Increased data quality, application agility, improved data intelligence, stakeholder collaboration, and high data trust make it an effective choice for data modeling.
Basics to learn before using data analysis tools
The selection of data analysis tools is a critical business decision. If it fits to the business requirements, it guides decision-making. There are numerous tools for effective data analysis.
Selecting from the wide array depends on users’ technical backgrounds, data literacy, domain requirements, business objectives, etc. This section introduces prerequisites and factors for learning and choosing data analysis tools.
Even the easiest GUI-based analytical dashboards expect their users to have basic data analysis knowledge. They must have the fundamental Data Analyst skills listed below to grasp the analytics process fully.
- Mathematical and analytical skills
- Statistical programming using languages like R, Python
- Creative and critical thinking ability
- Interaction with SQL and Excel
- Data visualization and communication
How to choose the right data analytics tool?
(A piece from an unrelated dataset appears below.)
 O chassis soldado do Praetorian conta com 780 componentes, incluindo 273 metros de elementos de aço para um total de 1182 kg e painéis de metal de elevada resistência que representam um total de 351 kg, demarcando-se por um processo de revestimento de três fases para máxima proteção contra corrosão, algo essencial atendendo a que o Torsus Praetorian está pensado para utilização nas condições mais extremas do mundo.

It requires effort to select an ideal analytics solution for your business. Considering the below-mentioned factors, one can select appropriate tools that guide strategic decision-making and uncover new revenue streams for business proliferation.
Find your business objectives: It is important to identify business objectives to find a tool that satisfies existing and future business outcomes.
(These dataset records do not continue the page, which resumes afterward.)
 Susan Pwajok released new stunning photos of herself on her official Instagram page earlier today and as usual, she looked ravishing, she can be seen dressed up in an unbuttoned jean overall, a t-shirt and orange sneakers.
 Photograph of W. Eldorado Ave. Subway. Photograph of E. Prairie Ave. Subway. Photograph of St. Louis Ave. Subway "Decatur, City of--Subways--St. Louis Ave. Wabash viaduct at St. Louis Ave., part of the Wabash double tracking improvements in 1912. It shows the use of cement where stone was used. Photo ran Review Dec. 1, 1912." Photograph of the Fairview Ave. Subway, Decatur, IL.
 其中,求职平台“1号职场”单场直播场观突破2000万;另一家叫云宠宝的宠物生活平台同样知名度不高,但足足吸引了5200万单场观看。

Industry-specific tool: Search for a platform that is industry-specific and has the capabilities to solve domain-related issues to create better opportunities.
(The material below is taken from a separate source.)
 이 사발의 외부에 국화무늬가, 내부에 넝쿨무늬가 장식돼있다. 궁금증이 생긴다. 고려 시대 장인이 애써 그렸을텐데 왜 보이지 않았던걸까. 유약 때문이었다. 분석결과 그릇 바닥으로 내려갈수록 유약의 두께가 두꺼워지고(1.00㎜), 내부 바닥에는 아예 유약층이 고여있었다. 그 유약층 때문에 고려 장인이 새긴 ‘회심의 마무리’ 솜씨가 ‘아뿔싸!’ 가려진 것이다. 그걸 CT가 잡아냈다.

Democratizing access to data: Data should be available to everyone using the data. Irrespective of the technical skills, all the managers, business executives, and developers should be able to use and question the data for insight building. Thus, a tool with an interactive dashboard, seamless data integration, and creative visualization can be chosen for easy usage and data access.
Pricing: Although there are various free analytics platforms available. Other premium and paid versions of the analytics platforms have subscriptions, hidden fees, and different costs associated with them. Businesses should learn pricing policies before investing to select from the tools.
Security, Agility, and Scalability: The analytics platforms should abide by the security norms for building trusted solutions. The tools should be agile for the business and should be scalable according to the business needs.
Data analysis tools are an integral part of modern-day data-driven businesses. These tools are unified solutions offering data integration, security, visualization, and advanced analytics.
Optimized use of analysis platforms leverages businesses with strategic decision-making, business intelligence, error reduction, and product development. The agility and robustness of the tools let businesses find answers to the hardest business questions.
With a wide variety of online data analysis tools in the market, one can choose an optimal analytics solution for the business.
What are some best free data analysis software?
Google Analytics, Zoho Analytics, Qlik Sense, and MS Excel are among the best free data analysis software tools available for online analysis of data.
How can I analyze data for free?
Many good free online data analysis tools to analyze data for free. Tools like Python, Microsoft Excel, R, Apache Stark and Hadoop, and more. You can work with anyone of them according to your requirements for online data analysis.
What is the best tool for data analytics?
The best tool for analysis varies based on various aspects of your specific use case, requirements, and expertise. Tableau, Power BI, Jupyter Notebook, etc., are some of the best online analysis of data tools. You can also avail of their paid versions for more features.